NASHVILLE -- Shane Doan has been a Phoenix Coyote since the team moved from Winnipeg following the 1995-96 season. He and the franchise are one step from their first Western Conference final appearance.

Doan's goal late in the first period Friday night stood up as goaltender Mike Smith kicked out all 25 shots he faced in Phoenix's 1-0 defeat of Nashville at Bridgestone Arena.

The third-seeded Coyotes own a 3-1 lead in the best-of-seven series and can wrap it up Monday night at Jobing.com Arena, where they won the first two games.

Before this season, Phoenix had won just two playoff series in its franchise history -- and none in the desert. Before its first-round knockout of Chicago, its last series triumph was 25 years ago when the then Winnipeg Jets dispatched Calgary in six games.
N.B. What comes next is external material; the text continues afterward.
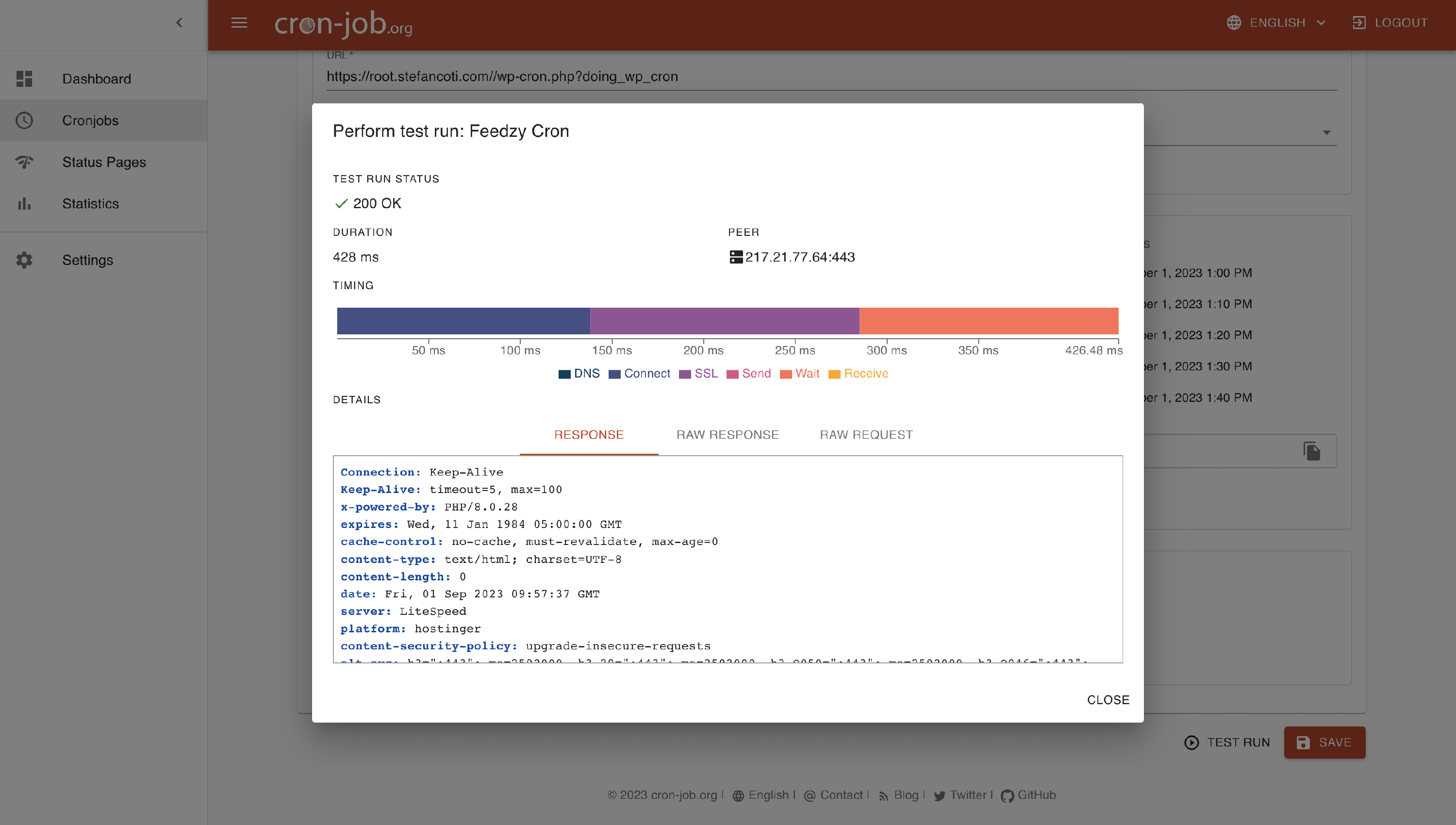 For Title, enter anything you wish; for URL, enter your website domain suffixed with /wp-cron.php?doing_wp_cron.

But the Coyotes, who won the Pacific Division title on the regular season's final night, are on the brink of writing a new chapter to an often lurid history. They are doing it with the brilliance of Smith, who has stopped nearly 95 percent of the shots he has faced during the playoffs, and just enough offense.

For the second straight game, Nashville played without two of its top six forwards, Andrei Kostitsyn and Alexander Radulov. They were suspended for Wednesday's night 2-0 shutout win for a violation of team rules.

Both were eligible to return, but coach Barry Trotz opted to stick with the players who produced the Predators' first win in the series, praising their commitment and attention to detail.

But Phoenix appeared to have the jump right off the bat, squeezing off seven of the game's first nine shots and owning a clear territorial edge. It could have scored less than five minutes into the match, but Mikkel Boedker was stoned at the doorstep by Predators goaltender Pekka Rinne.

However, Doan put the Coyotes on the board at 14:25. After his hit on Hal Gill shook the puck free, Doan took a pass from Boedker and shoveled a backhand off Rinne's stick and into the net.

Nashville appeared to forecheck more aggressively in the second period and earned more offensive zone time but couldn't convert that edge into more shots. Its best opportunity came just before the halfway mark as Patric Hornqvist's deflection off a Mike Fisher pass beat Smith but sailed high.

Unable to solve Phoenix's airtight defense or the rangy Smith, the Predators managed just 15 shots through two periods.

Nashville thought it had managed an equalizer with 7:12 remaining in the game off a wild scrum in front of Smith, but the officials waved off the score -- a ruling that survived review.

NOTES: Rinne's 2-0 shutout of Phoenix in Game 3 Wednesday night was his first in 26 playoff games. It was the franchise's first since Tomas Vokoun blanked Detroit in Game 4 of the 2004 Western Conference quarterfinals. ... Nashville C Paul Gaustad entered Friday night's game as the NHL playoff leader in faceoff percentage at 59.7 percent. Gaustad won 15 of 22 draws in Game 3. ... Game 3 represented the first time Phoenix had been blanked in a playoff game since a 3-0 loss in 2010 at Detroit.